Starting at the first line of the material below, retype each line exactly until you reach the line with "第93分钟,斯特林禁区弧顶自", which is also included; pictures stay out.
··· GIVEN DATA ···
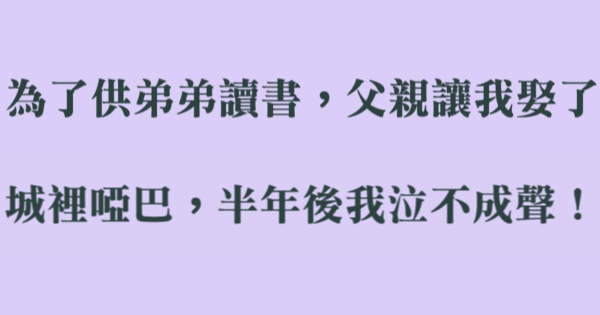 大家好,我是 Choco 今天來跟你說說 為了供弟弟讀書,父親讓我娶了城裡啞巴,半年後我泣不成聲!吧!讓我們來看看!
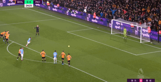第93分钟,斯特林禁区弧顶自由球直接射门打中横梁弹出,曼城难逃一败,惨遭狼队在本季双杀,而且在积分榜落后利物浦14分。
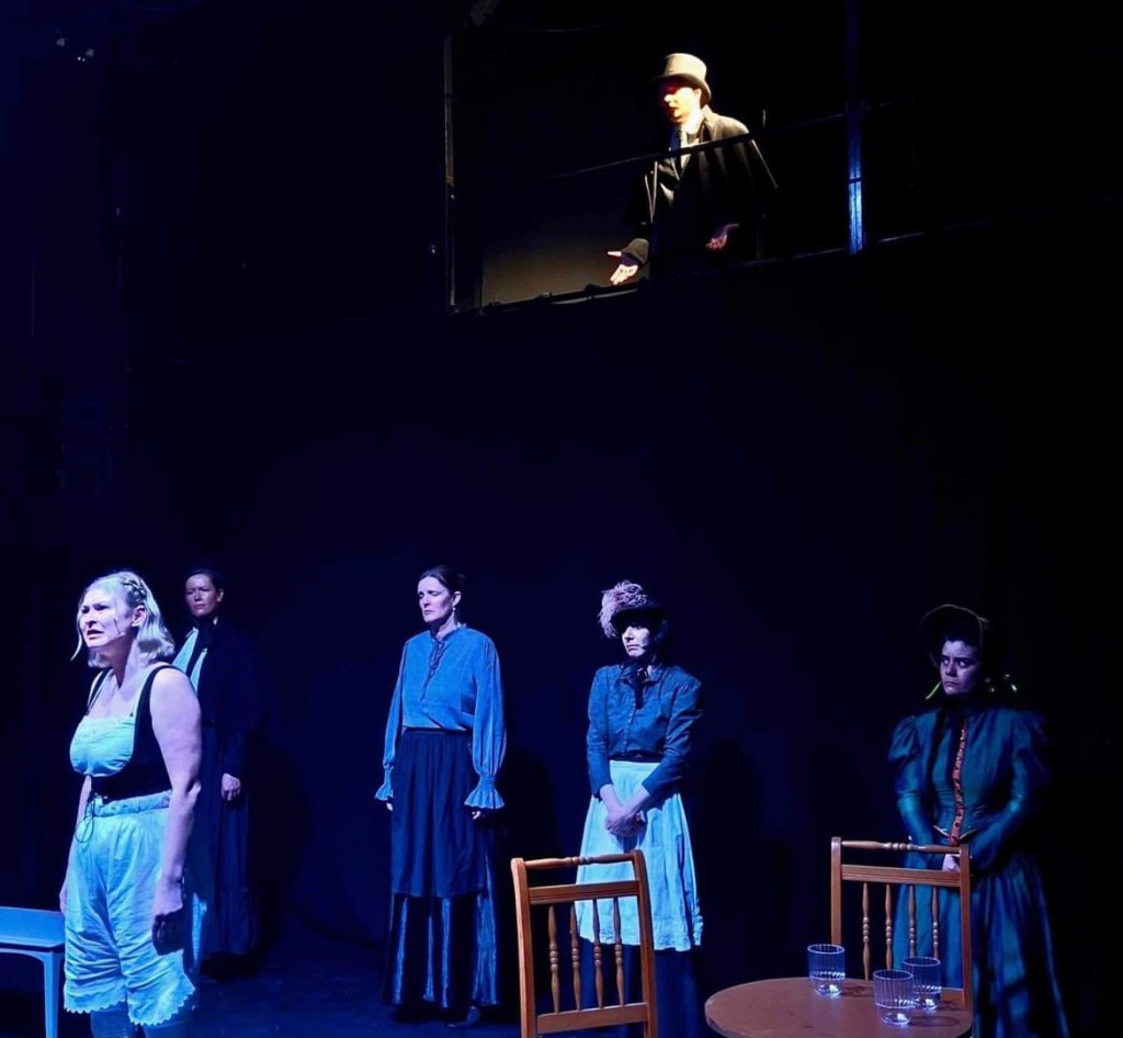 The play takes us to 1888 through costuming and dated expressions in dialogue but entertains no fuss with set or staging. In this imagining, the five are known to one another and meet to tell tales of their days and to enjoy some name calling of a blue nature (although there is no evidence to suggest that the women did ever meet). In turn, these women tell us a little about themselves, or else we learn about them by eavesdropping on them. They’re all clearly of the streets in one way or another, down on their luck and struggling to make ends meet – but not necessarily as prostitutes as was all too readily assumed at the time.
···
- _EXERCISE ANSWER_
 大家好,我是 Choco 今天來跟你說說 為了供弟弟讀書,父親讓我娶了城裡啞巴,半年後我泣不成聲!吧!讓我們來看看!
第93分钟,斯特林禁区弧顶自由球直接射门打中横梁弹出,曼城难逃一败,惨遭狼队在本季双杀,而且在积分榜落后利物浦14分。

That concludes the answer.